---- Data records
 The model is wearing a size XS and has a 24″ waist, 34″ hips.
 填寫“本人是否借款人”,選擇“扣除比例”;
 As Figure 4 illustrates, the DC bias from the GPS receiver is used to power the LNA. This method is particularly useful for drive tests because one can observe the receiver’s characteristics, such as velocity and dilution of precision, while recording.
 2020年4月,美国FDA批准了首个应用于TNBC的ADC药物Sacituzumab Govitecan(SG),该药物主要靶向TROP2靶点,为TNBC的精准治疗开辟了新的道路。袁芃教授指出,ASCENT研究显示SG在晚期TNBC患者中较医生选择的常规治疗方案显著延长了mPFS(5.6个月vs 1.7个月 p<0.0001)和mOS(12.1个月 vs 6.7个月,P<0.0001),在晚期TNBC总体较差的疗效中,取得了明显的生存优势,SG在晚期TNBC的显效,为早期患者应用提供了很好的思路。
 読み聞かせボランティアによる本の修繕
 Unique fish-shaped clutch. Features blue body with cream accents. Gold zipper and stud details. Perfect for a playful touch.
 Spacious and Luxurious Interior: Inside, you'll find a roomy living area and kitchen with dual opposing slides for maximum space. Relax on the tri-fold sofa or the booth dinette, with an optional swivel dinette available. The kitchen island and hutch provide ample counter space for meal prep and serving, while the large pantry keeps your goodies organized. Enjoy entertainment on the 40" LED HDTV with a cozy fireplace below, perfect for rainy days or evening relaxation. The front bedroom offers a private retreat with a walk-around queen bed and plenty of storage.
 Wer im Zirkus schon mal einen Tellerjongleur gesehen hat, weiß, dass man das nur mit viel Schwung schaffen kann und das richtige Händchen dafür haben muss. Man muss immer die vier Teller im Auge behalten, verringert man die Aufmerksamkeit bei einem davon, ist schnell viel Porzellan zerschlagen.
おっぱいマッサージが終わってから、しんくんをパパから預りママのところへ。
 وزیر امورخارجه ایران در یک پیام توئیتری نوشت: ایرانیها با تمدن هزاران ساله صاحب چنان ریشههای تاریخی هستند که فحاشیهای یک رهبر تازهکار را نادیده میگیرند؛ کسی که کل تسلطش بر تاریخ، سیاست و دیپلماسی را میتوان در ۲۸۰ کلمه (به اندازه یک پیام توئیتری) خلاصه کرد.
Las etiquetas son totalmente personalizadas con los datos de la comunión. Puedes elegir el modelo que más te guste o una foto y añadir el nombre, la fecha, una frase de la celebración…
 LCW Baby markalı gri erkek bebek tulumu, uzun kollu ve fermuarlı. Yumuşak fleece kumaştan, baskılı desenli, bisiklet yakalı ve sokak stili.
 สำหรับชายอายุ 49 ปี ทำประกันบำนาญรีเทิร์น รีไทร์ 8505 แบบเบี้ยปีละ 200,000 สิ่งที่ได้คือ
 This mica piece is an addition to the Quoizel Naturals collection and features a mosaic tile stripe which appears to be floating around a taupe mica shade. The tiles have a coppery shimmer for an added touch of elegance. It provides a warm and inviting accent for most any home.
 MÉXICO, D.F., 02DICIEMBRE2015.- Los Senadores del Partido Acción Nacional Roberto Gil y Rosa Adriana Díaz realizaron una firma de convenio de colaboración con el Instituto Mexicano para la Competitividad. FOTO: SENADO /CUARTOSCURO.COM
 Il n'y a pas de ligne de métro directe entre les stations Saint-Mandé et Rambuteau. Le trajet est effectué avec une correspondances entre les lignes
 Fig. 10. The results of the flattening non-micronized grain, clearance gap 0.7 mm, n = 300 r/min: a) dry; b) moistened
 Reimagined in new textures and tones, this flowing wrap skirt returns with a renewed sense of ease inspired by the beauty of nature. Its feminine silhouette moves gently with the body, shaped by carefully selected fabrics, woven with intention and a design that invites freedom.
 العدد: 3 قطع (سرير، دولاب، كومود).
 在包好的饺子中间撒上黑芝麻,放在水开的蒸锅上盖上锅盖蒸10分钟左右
--------
Look over the records above and say, with no extra words, how many lines include "while".

--- Exercise result ---
2